Data provided |
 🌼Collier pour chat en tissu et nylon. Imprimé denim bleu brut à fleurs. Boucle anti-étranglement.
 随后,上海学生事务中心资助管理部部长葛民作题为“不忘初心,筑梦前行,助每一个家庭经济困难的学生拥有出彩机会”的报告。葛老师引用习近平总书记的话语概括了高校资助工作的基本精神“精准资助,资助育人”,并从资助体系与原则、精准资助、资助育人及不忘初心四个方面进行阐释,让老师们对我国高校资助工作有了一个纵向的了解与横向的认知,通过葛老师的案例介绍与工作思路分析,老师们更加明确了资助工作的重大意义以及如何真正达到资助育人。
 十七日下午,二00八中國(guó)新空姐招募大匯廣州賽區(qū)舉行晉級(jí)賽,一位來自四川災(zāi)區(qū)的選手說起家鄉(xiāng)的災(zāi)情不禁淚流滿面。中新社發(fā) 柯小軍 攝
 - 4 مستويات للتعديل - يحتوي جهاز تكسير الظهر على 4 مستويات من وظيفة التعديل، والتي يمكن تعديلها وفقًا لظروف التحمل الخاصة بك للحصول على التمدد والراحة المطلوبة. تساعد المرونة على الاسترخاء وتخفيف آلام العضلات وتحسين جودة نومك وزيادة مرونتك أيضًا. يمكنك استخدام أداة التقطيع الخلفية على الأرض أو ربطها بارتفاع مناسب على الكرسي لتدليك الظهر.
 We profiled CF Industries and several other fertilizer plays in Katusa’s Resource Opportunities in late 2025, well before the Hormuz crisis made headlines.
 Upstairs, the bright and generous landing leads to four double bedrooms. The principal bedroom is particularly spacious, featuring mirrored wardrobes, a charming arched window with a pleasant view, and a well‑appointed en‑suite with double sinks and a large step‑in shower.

* * *

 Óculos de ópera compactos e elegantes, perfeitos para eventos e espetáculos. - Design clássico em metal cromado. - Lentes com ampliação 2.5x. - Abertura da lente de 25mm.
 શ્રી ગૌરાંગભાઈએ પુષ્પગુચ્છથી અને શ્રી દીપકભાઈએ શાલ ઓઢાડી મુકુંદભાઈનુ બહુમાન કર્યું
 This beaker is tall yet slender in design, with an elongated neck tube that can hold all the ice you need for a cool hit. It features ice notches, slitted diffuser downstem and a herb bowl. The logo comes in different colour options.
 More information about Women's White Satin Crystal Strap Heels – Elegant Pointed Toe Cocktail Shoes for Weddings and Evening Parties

Exercise aim |
The answer must be every line of the data that contains the word "well".

Completed exercise |
 We profiled CF Industries and several other fertilizer plays in Katusa’s Resource Opportunities in late 2025, well before the Hormuz crisis made headlines.
 Upstairs, the bright and generous landing leads to four double bedrooms. The principal bedroom is particularly spacious, featuring mirrored wardrobes, a charming arched window with a pleasant view, and a well‑appointed en‑suite with double sinks and a large step‑in shower.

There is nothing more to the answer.